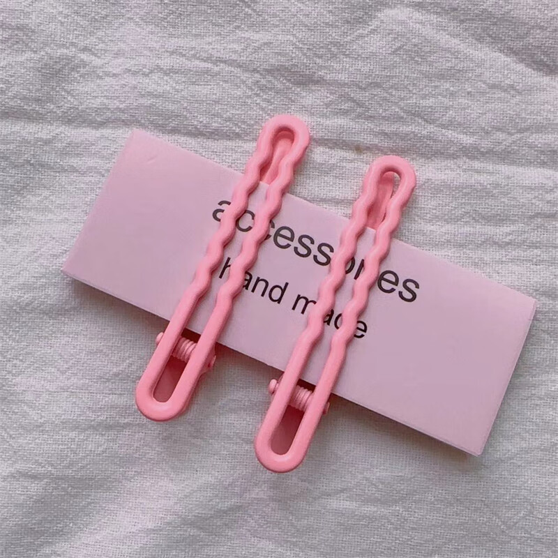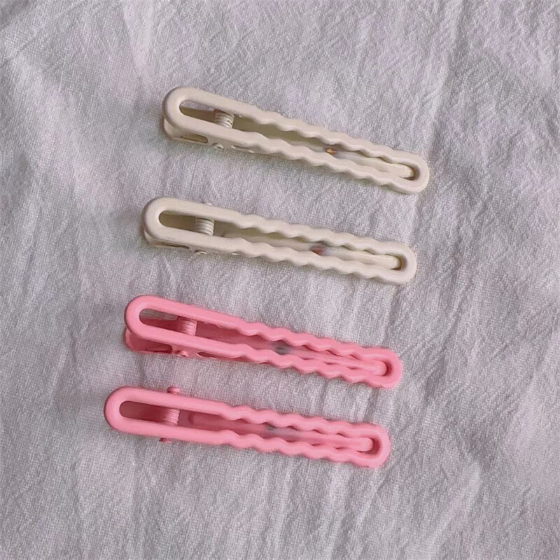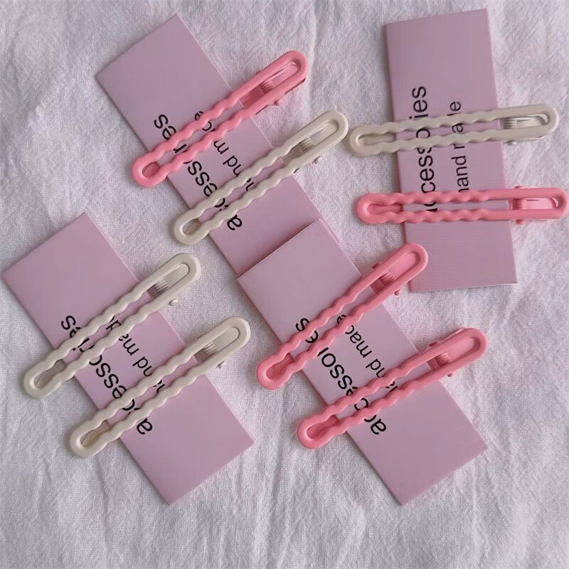 Dopamine color clip girly heart wave clip broken hair bangs clip pink off-white large hair clip hair accessories black 4 pieces
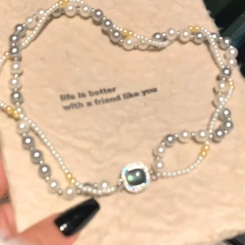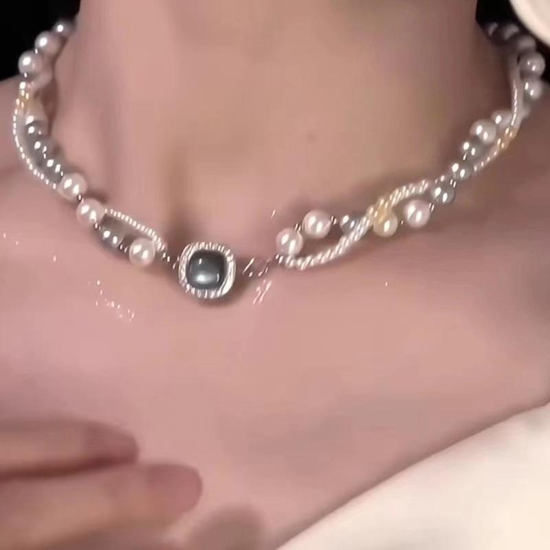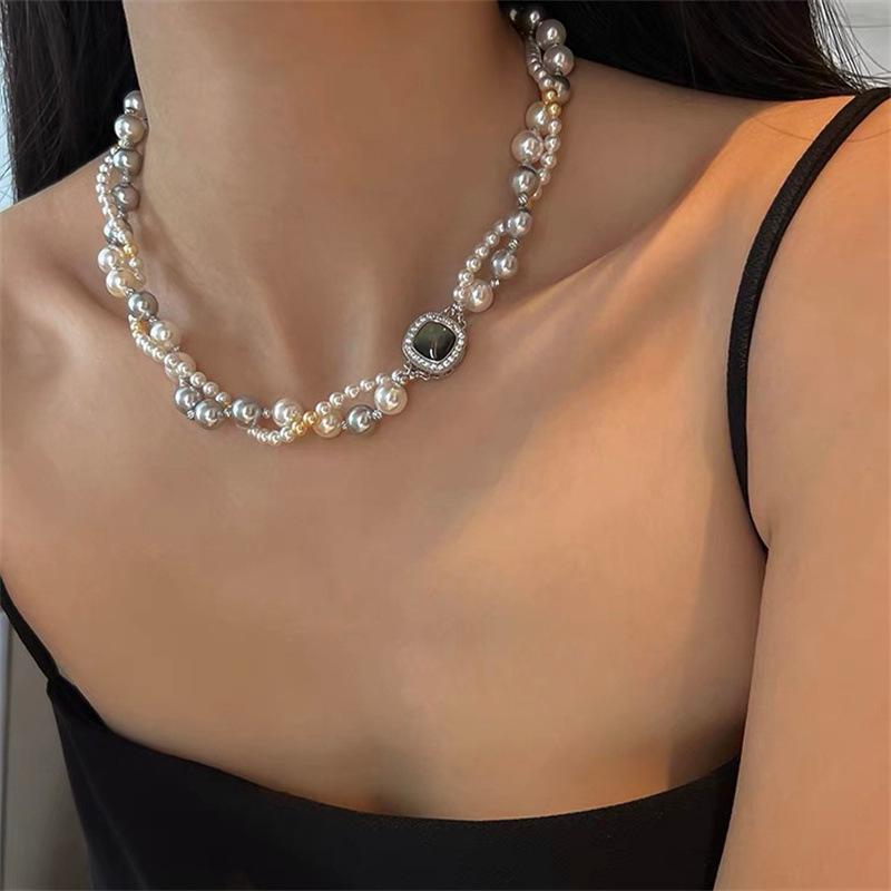 Collar de Perlas Grises Envueltas en Doble Capa "Danza de Nieve" Caperucita Roja Libro Collar de Estilo Corte Sencillo de Lujo Ligero
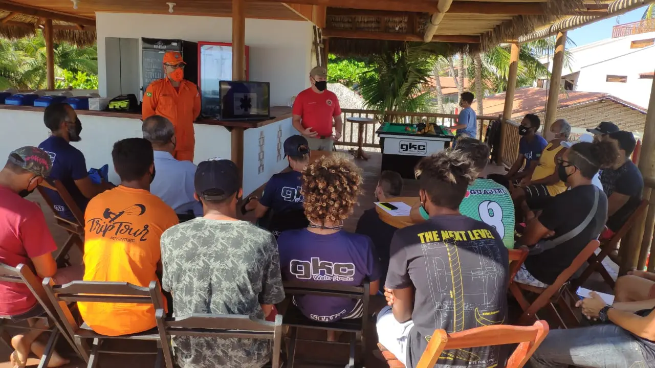 Kitesurfistas e instrutores recebem aulas teóricas e práticas do Corpo de Bombeiros Militar do Ceará (CMBCE)
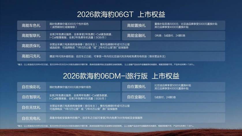 4月2日,比亚迪海洋网双车齐发——2026款海豹06GT与2026款海豹06DM-i旅行版同步上市。其中,2026款海豹06GT官方指导价为12.89-16.99万元,2026款海豹06DM-i旅行版官方指导价为11.19-13.99万元,两款新车还为用户提供涵盖购车、选装、养护等在内的多项权益,让用户真正实现无忧用车,2026款海豹06GT用户更可享受1年闪充补能权益,尽情领略全场景自由闪充的科技魅力。
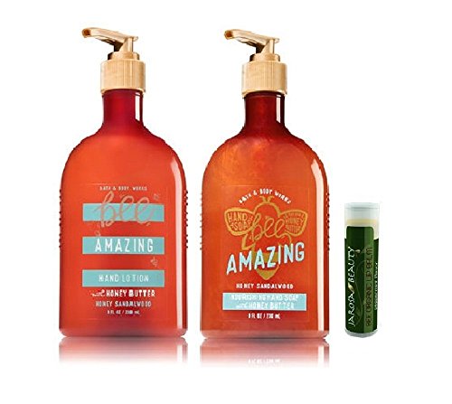 - YOU’LL RECEIVE 1 – Bee Amazing Bath & Body Works Honey Sandalwood Hand Lotion, 1 - Bee Amazing Bath & Body Works Honey Sandalwood Hand Soap & 1 – Jarosa Bee Organic Peppermint Lip Balm in your purchase.
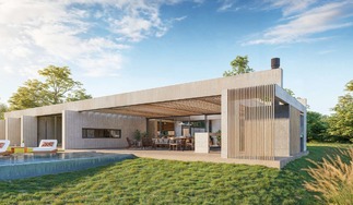 Estructura de hormigón armado, muros en paneles SIP de hormigón liviano y revestimientos de placas de hormigón y chapa acanalada gris grafito, eléctrica, sanitaria, pintura, carpintería.
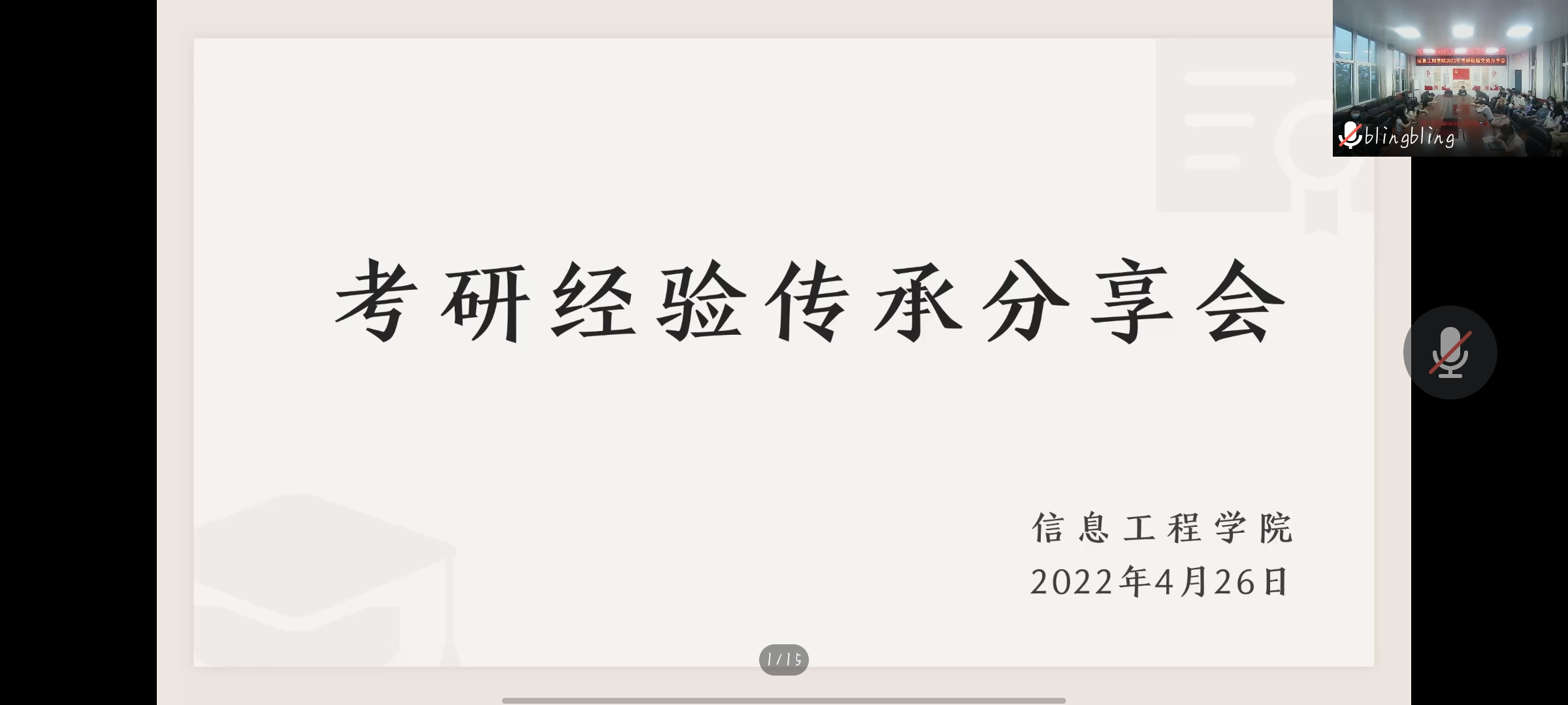 会议最后,赵珊珊和曹大兵老师通过分享自己考研时的过程和经验,指出在考研的道路上同学们要保持敬畏心和奋进心,一步一个脚印地走向终点,他们也不约而同地对正在备战的同学给予莫大的鼓励,并寄语同学们“所求皆所愿,所行化坦途”。
━━━━━━━━
** Try it **
In the answer, give only the lines from the top of the data above through the line with "4月2日,比亚迪海洋网双车齐", reproduced exactly; no picture may appear.

** Expected answer **
 Dopamine color clip girly heart wave clip broken hair bangs clip pink off-white large hair clip hair accessories black 4 pieces
 Collar de Perlas Grises Envueltas en Doble Capa "Danza de Nieve" Caperucita Roja Libro Collar de Estilo Corte Sencillo de Lujo Ligero
 Kitesurfistas e instrutores recebem aulas teóricas e práticas do Corpo de Bombeiros Militar do Ceará (CMBCE)
 4月2日,比亚迪海洋网双车齐发——2026款海豹06GT与2026款海豹06DM-i旅行版同步上市。其中,2026款海豹06GT官方指导价为12.89-16.99万元,2026款海豹06DM-i旅行版官方指导价为11.19-13.99万元,两款新车还为用户提供涵盖购车、选装、养护等在内的多项权益,让用户真正实现无忧用车,2026款海豹06GT用户更可享受1年闪充补能权益,尽情领略全场景自由闪充的科技魅力。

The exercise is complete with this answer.